Is there a good Multi Speaker Separation model ?

Anjok07 / ultimatevocalremovergui

GUI for a Vocal Remover that uses Deep Neural Networks.

MIT License

17.73k stars 1.32k forks source link

Is there a good Multi Speaker Separation model ? #636

Open AlonDan opened 1 year ago

AlonDan commented 1 year ago

We already have great Separation models: Audio and Music / De-Noise / De-Echo / De-Reverb etc..

Is there a Multi Speaker Separation Model, when 2 (or more) people talk at the same time. For example This one from Meta (facebook)

I'm wondering if someone already managed to train such model for UVR and would like to share with the community.

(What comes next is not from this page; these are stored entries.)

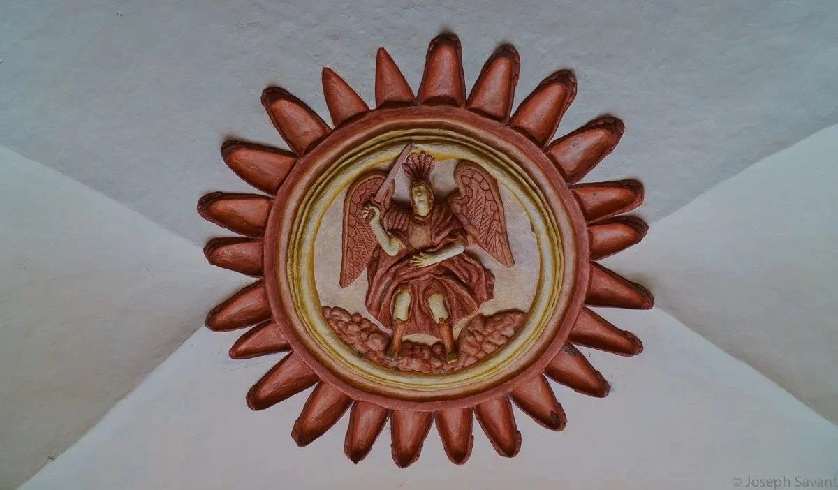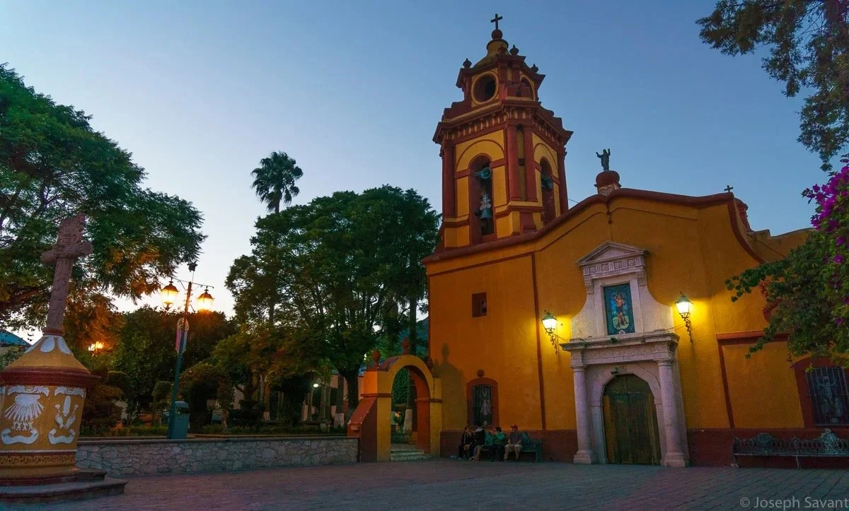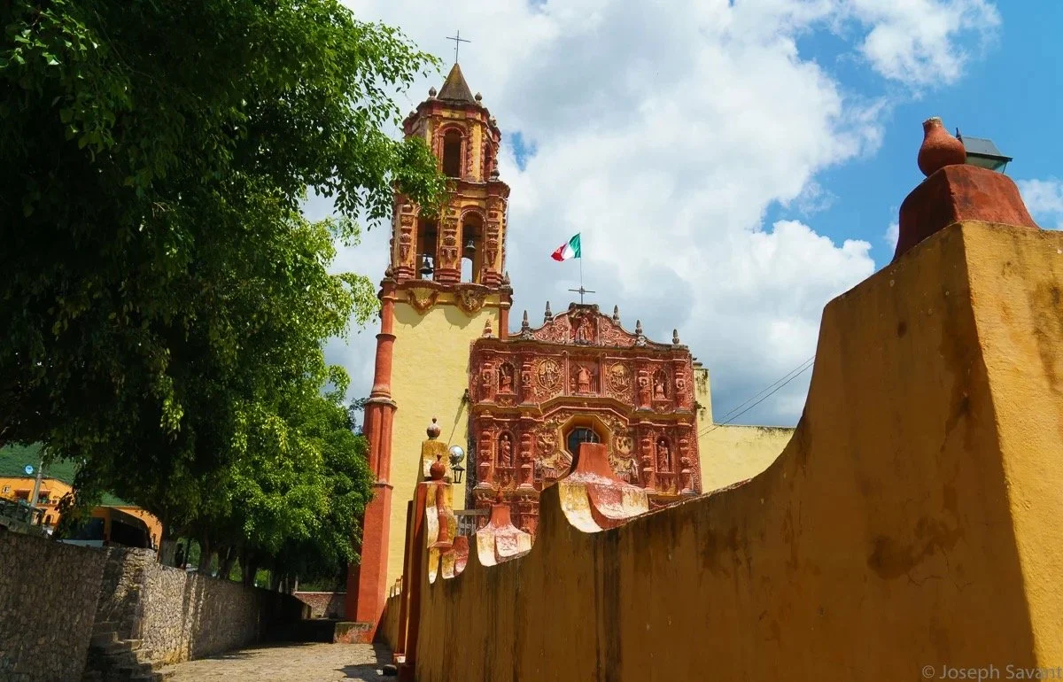 Xilitla lies on the eastern side of the Sierra Madre range, amid the tropical climate from the nearby Gulf of Mexico. As I traveled west, climbing higher to crest the Sierras, pines became common along with cooler temperatures. Little villages appeared on the steep hillsides, several with beautiful churches or missions, and I’d loop around the plazas to see them. The most impressive was the church facade in the town of Landa Matamores, where I pulled up to park and found myself next to a man and his little boy on the sidewalk.
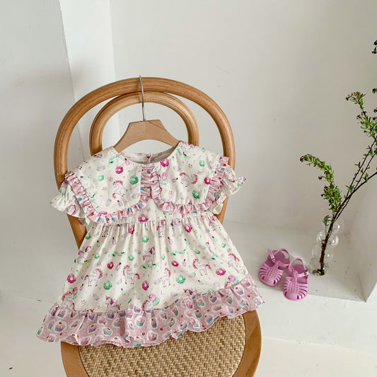 Best Selling Summer Baby Kids Girls Unicorn Floral Pattern Color Patchwork Short Sleeves Dress
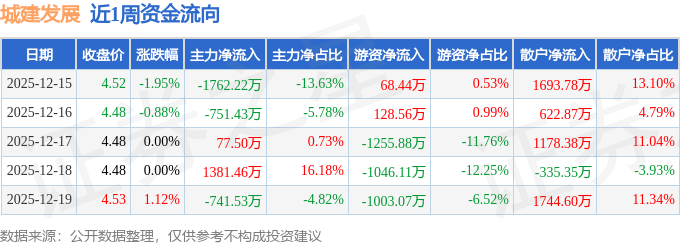 资金流向数据方面,本周城建发展主力资金合计净流出1796.22万元,游资资金合计净流出3108.06万元,散户资金合计净流入4904.28万元。本周资金流向一览见下表:
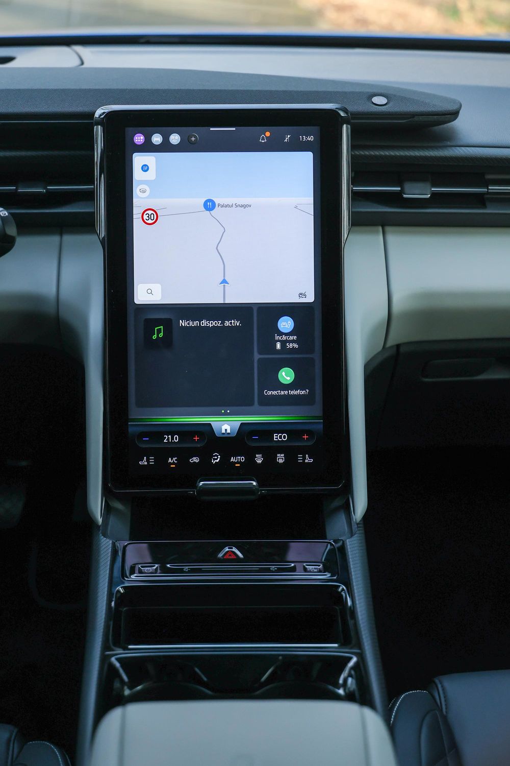 Totodată, sub consola centrală mai există un spațiu generos de depozitare. Totuși, trebuie să știți că dacă trebuie să vă ascundeți prăjiturelele de Moș Crăciun o puteți face liniștiți. Ecranul central culisează față-spate, acțiune de mare ajutor când soarele bate pe acesta și te orbește. Atunci când culisezi ecranul în spate, apare la orizont un alt spațiu de depozitare.
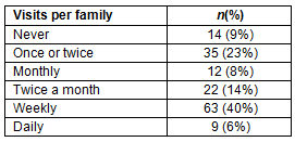 Almost all of the respondents (97%, n=150) were aware of the new Food Hub Green Grocer, and 91% (n=141) had shopped at the Green Grocer. Table 1 shows the sample population's frequency of shopping at the Green Grocer. Even though a majority of the sample population regularly shopped at the Alderson Green Grocer, 77% (n=120) of them did most of their grocery shopping at a store more than 17.7 km (11 miles) from Alderson. The number of long-distance grocery shopping trips families made after the food desert (3.3±0.4 trips per month) did not change significantly (p=0.16) from the number that were made before the food desert (2.8±0.3 trips per month).
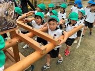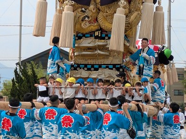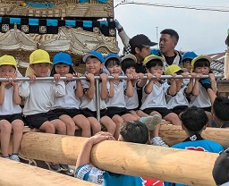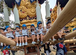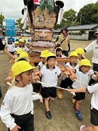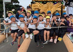 | 新居浜のお祭りと言えば、太鼓祭り!! 小学校のお祭り集会に参加する為、 地域の太鼓台が子ども達を乗せてくれます☆ ワクワク・ドキドキ楽しみです |
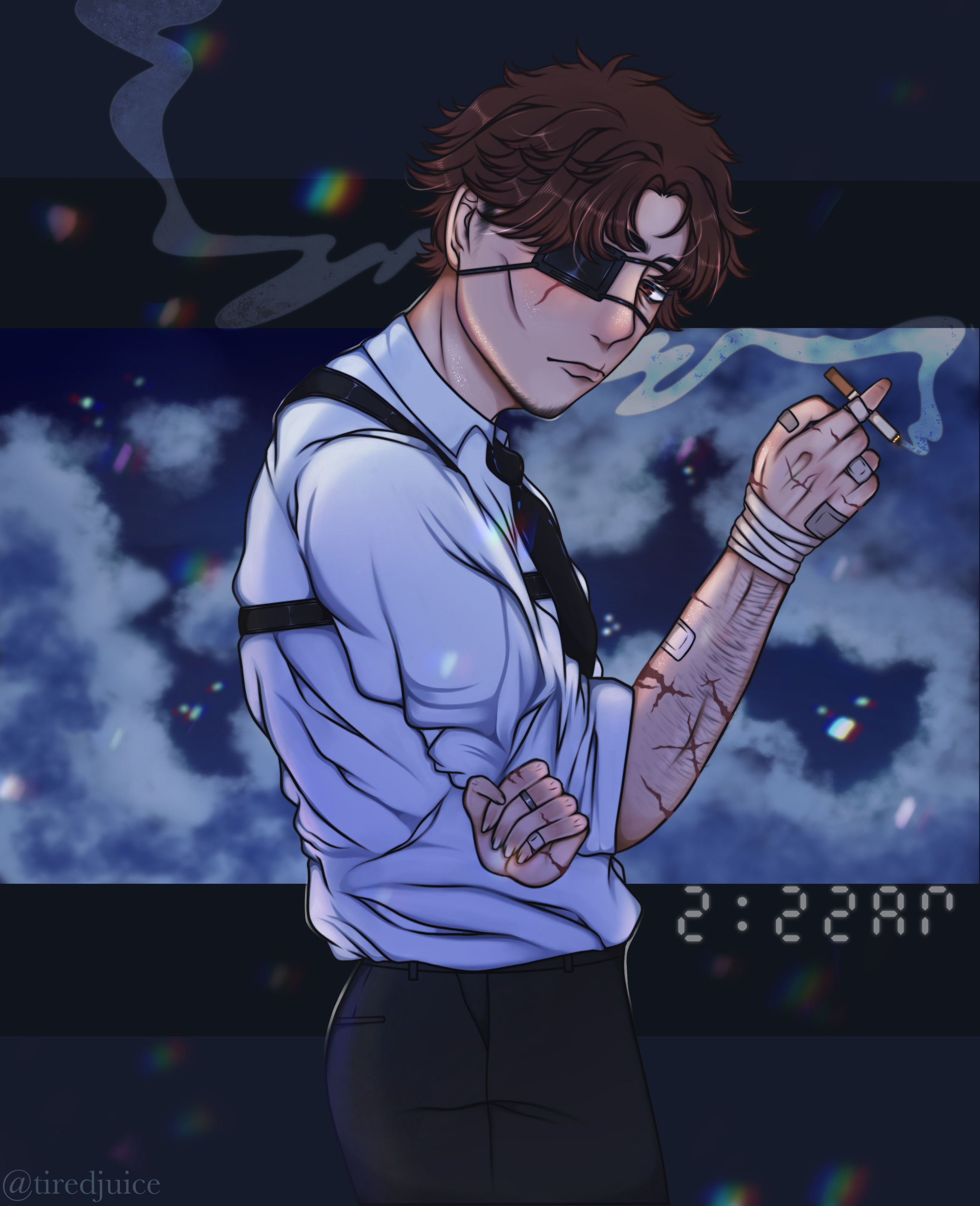 While drawing away I wanted it to symbolize something small about him. As Judas is one to only push his problems aside and rather smoke them away during his breaks.
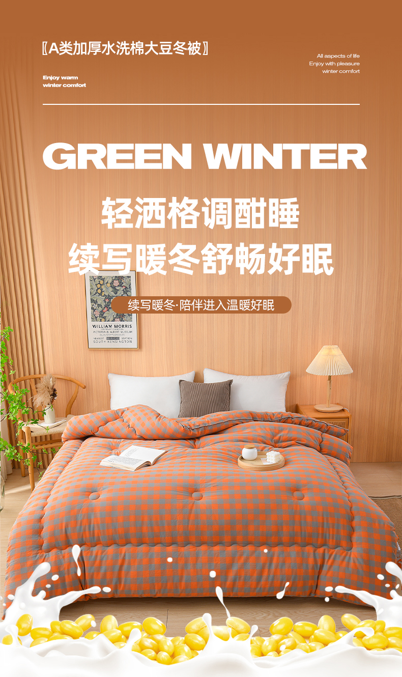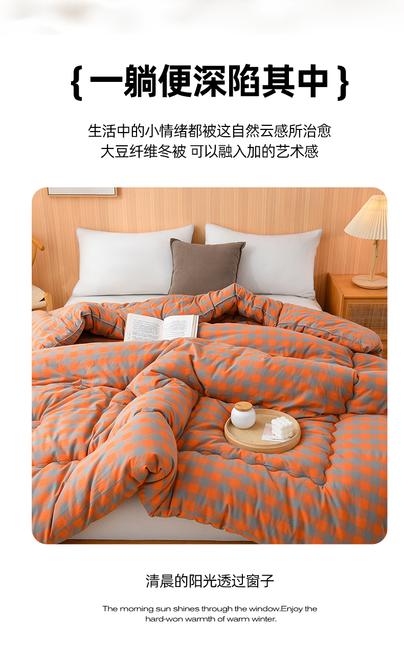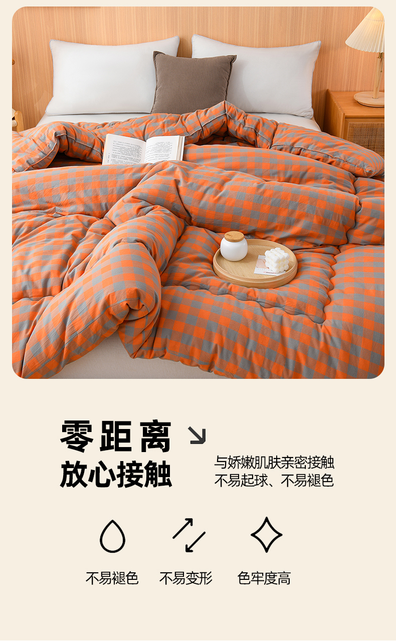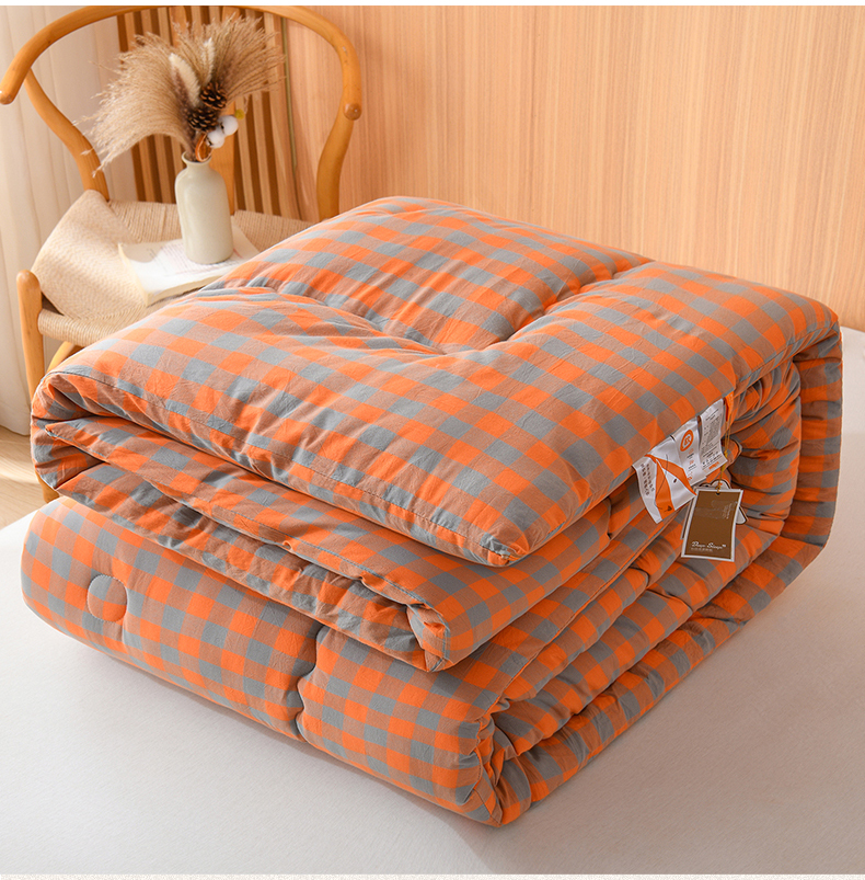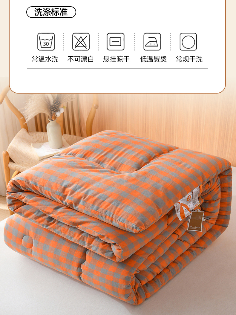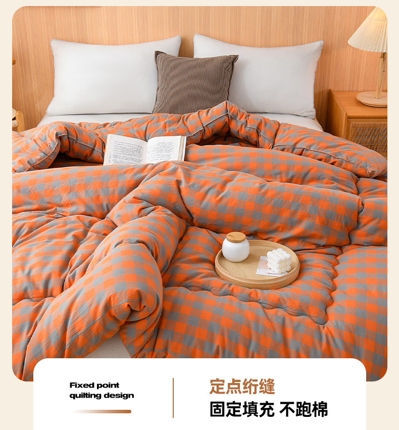 (总)易展2025新款无印水洗棉格子大豆冬被,格粉蓝,格浅绿,浅格橙,浅轻粉,轻夏绿,深橙格,湛靓蓝,缀纹黄
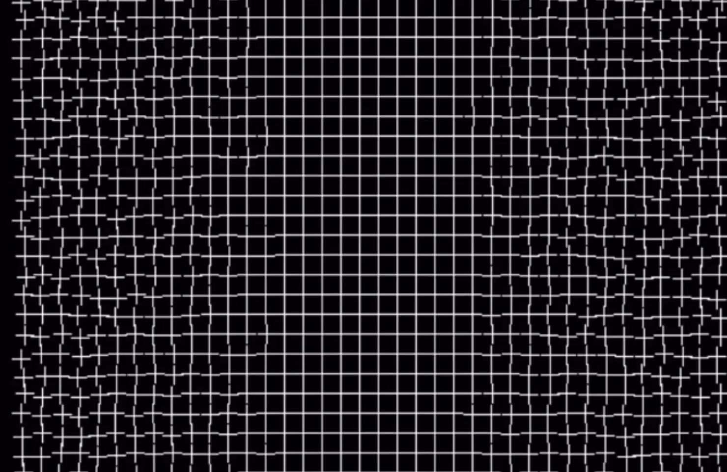 Когда вы смотрите на изображение, вы, скорее всего, видите в местах пересечения белых линий серые точки, которых на самом деле нет. Если вы сосредоточитесь на области пересечения белых линий, пятно исчезнет. Это яркий пример эффекта мерцающей сетки.
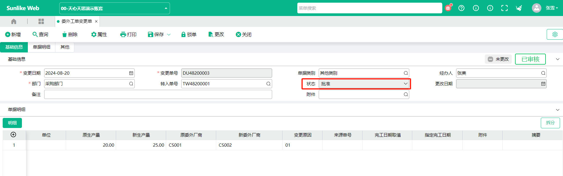 菜单位置:委外管理-委外管理-委外变更-委外变更单
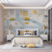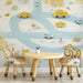 The Overhead City Street Map Mural is a highly engaging, interactive scene. It depicts an overhead view of a busy cartoon town with roads, parks, and stylized buildings in yellow, gray, and blue. Various toy-like yellow and orange cars move along the light blue streets. This mural encourages imaginative play and is perfect for a child's bedroom or play area, potentially serving as a fun play mat design.
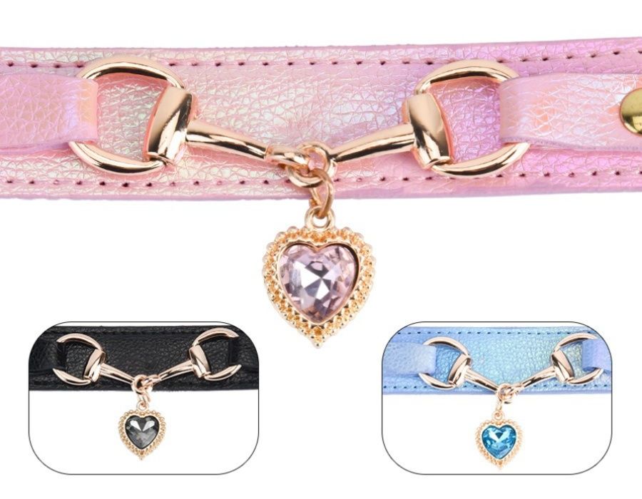 愛らしいハート型の宝石チャームが揺れる上品な犬首輪です。
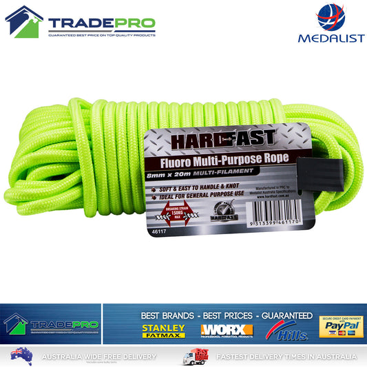 Rope 20m Multi Braided 8mm Thick HiVis All Purpose Car Boat Trailer Outdoor Cord
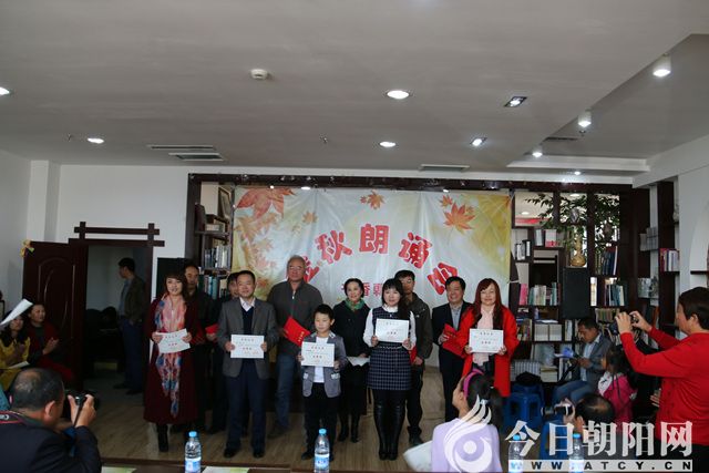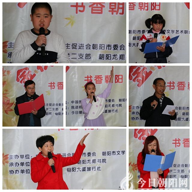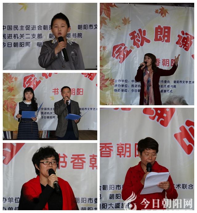 原來,由中國(guó)民主促進(jìn)會(huì)朝陽(yáng)市委、朝陽(yáng)市文聯(lián)主辦,民進(jìn)機(jī)關(guān)二支部、朝陽(yáng)龍翔書院承辦,《今日朝陽(yáng)網(wǎng)》、朝陽(yáng)大廈旅行社協(xié)辦的“書香朝陽(yáng)”金秋朗誦會(huì)正在這里火熱舉行。來自全市各條戰(zhàn)線的百余位書友、文友以及詩(shī)朗誦愛好者歡聚一堂,以飽滿的激情參與了這場(chǎng)精神盛會(huì)。
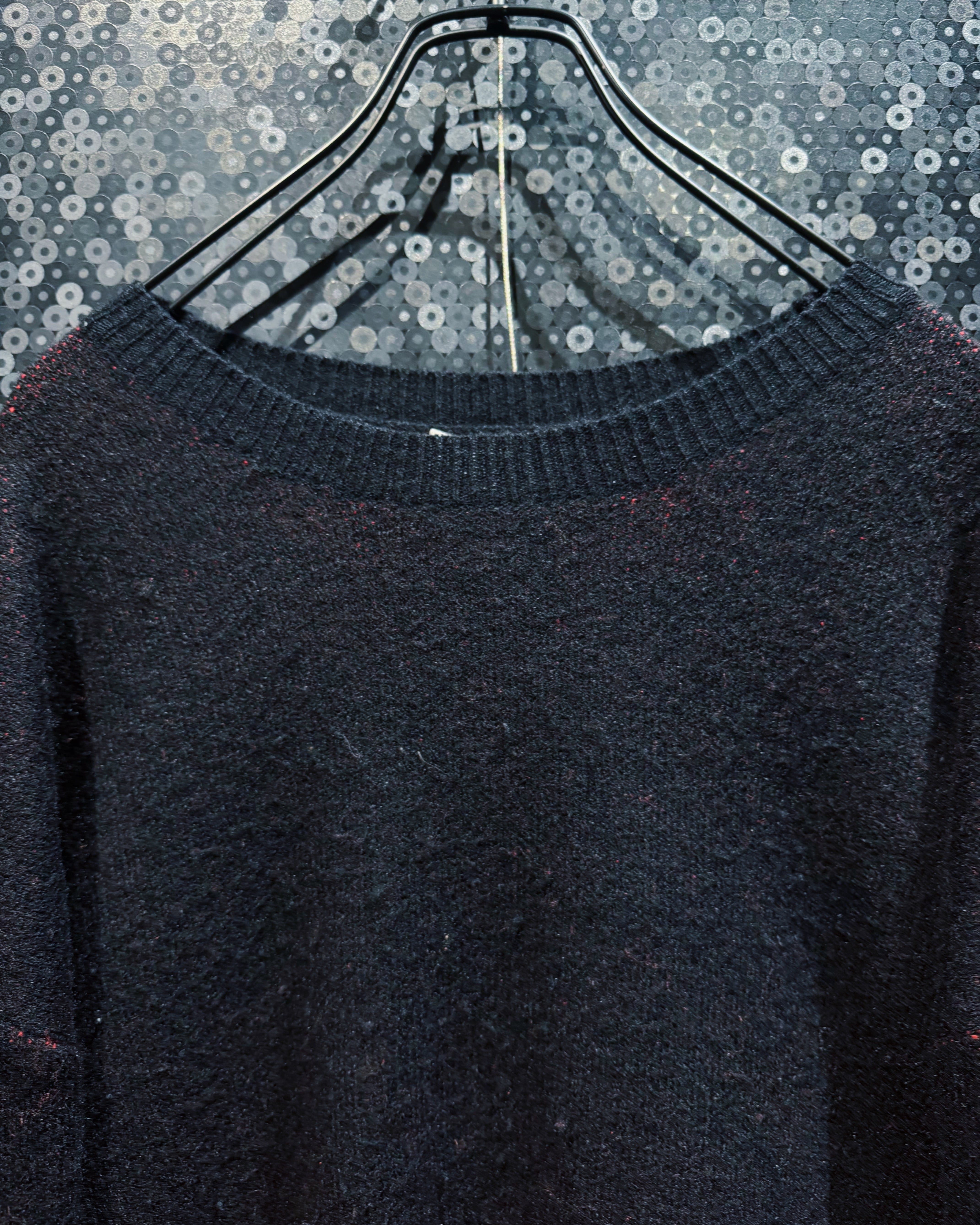 深いブラックボディに、裾〜袖先へと燃え上がるように広がる“インフェルノレッド”のファイヤーパターンが圧倒的な存在感を放つ一着。毛足のある柔らかなニット素材で仕立てられ、着心地は軽やかで柔らかいのに、見た目は抜群に攻撃的。
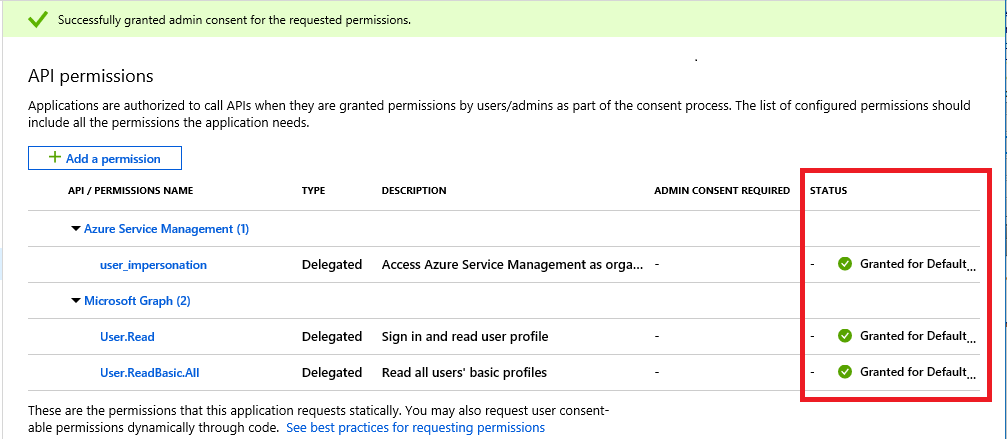 On the API Permissions page, visually verify that the Status shows that the permissions are Granted for Default Directory.

Thanks ahead for sharing where to download such models 🙏

VamuveTV commented 1 year ago

Great question. Also, googlle seems to do something like that sometime ago. It would be excellent to implement it in UVR, so we could separate different voices on the same audio file. Btw, it could be good to implement it independet of the voice language, i mena, it could bve used to separate a audio in portuguese voices, english, italian and so on,

VamuveTV commented 1 year ago

Btw, it do have a implementation in github here: https://github.com/facebookresearch/svoice So, it should be possible to use it in UVR as well ?

AlonDan commented 1 year ago

I saw svoice and other related projects that does the same thing very nicely. I don't know if it's possible to train such model to work within UVR since I'm not a programmer but when I once mentioned the De-Echo / De-Reverb people didn't realize it's possible as well... so maybe?